La anterior providencia fue leída y aprobada por la Sala en sesión de la fecha».

(1) Constituyen salario todas las sumas que habitual y periódicamente recibe el empleado como retribución de sus servicios artículo 42 Decreto 1042 de 1978.

(2) Corte Constitucional C-315 de 1995. Atribución que en términos de la Corte Constitucional, armonizaba con los principios de economía, eficacia y eficiencia que rigen el gasto público, y no desconocía ni la competencia que la Constitución expresamente otorgó a las autoridades de estos entes para fijar, por una parte, las escalas de remuneración correspondientes a las distintas categorías de empleos dentro de su jurisdicción (C.N., art. 300, num. 7º y art. 313, num. 6º) y, por otra, para determinar los emolumentos de los empleos de sus dependencias (C.N., art. 305, num. 7º y art. 315, num. 7º), como tampoco cercenaba el principio de autonomía de que trata el artículo 287 de la Constitución. (...).

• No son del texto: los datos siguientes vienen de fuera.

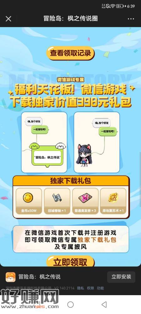 冒险岛大拉小需要50级,解除授权,然后下载。要下载完成,然后点第2张图领取,就会显示头了
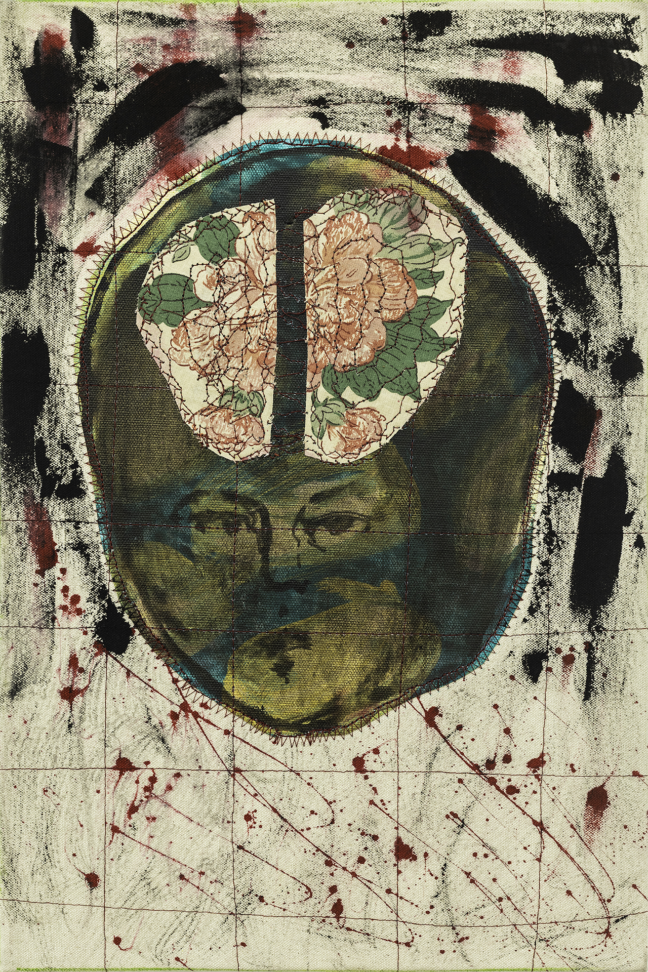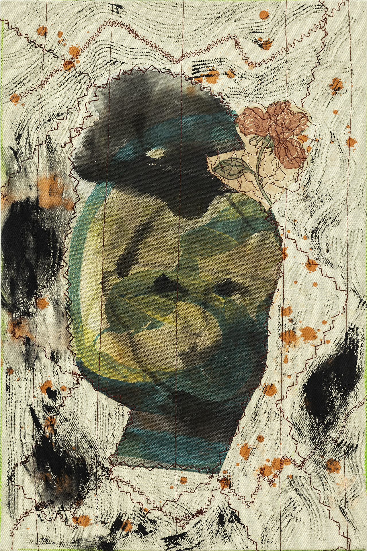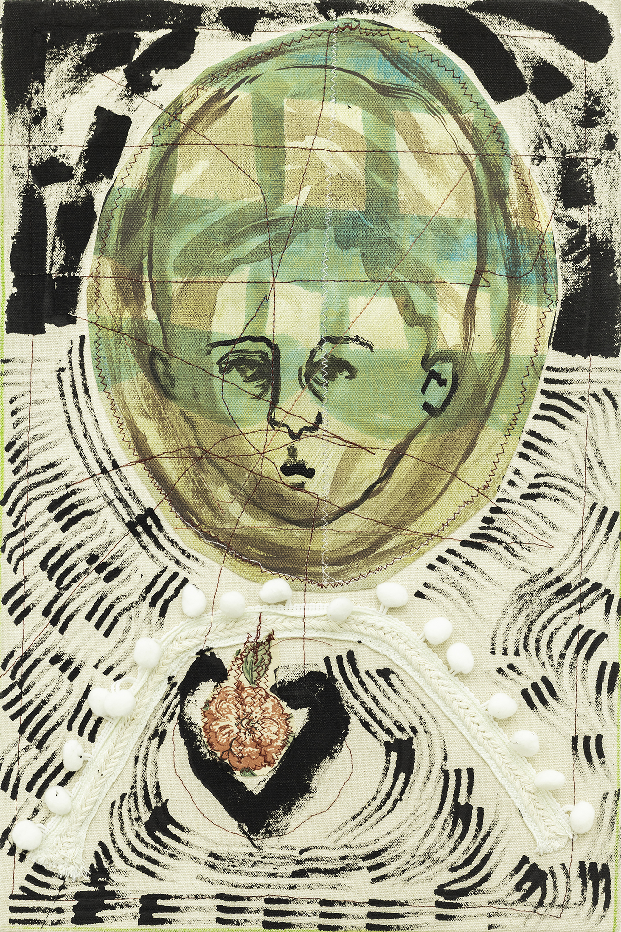 The show also offers a glimpse into Cruz’s experimental process. In a series of collages, she stitched scraps of the garments onto canvases where she left splotches, rough strokes and organic patterns. Cruz describes these works as her “warm-ups” — small canvases where she lets herself loose and musters up the motivation to create. Crude horizontal lines recur in some of the works, alluding to the pad paper that she once used in elementary school. Though the works originated from a sense of childlike play, their results are more complex. Hazy portraits emerge at the center of each canvas; according to the artist, they are not specific people. They appear like figments of dreams, their obscurity contrasting the reality of the fabric scraps. In one piece, two floral scraps and a face belong inside one dark circle, as if part of one organism.

(3) En la exposición de motivos del proyecto de ley presentado por el Gobierno Nacional, se precisó, entre otras cuestiones, lo siguiente: “... III Régimen salarial y prestacional de los empleados públicos de las entidades territoriales 1. En el orden regional y local las asambleas departamentales y los concejos municipales en la fijación de escalas salariales de los empleos de su jurisdicción deberán guiarse por las que rijan a nivel nacional. 2. Con el fin de ordenar el sistema de remuneración del sector público, el Gobierno Nacional tendrá exclusividad absoluta para fijar el régimen prestacional de los empleados públicos de las entidades territoriales, con lo cual se reitera el principio constitucional”. Con relación al numeral 19, literales e) y f) del artículo 150 constitucional en la ponencia para segundo debate ante el Senado, Gabriel Melo Guevara, expuso: “Carácter de ley marco (...) Estas disposiciones cambian el sistema constitucional anterior, señalado en el numeral 9º del artículo 76 de la Constitución precedente (...) Según el artículo 79 de esa Constitución, tales leyes solo podían ser dictadas o reformadas a iniciativa del gobierno, pero el Congreso estaba facultado para introducir en los proyectos las modificaciones que considerara convenientes. La naturaleza misma del tema impuso la costumbre de utilizar las facultades extraordinarias, contempladas en el artículo 76, ordinal 12 de la anterior Constitución. Mediante ellas, el gobierno solicitaba y el Congreso otorgaba, anualmente, unas facultades extraordinarias para decretar los ajustes de salarios. El caso se ajustaba en las exigencias del ordinal 12 del artículo 76. Se trataba de facultades precisas, de las cuales era investido el presidente por un tiempo determinado, por lo general muy corto (...) Así operó el sistema por años, estableciendo una rutina legislativa cambiada por exigencias de la nueva Constitución”.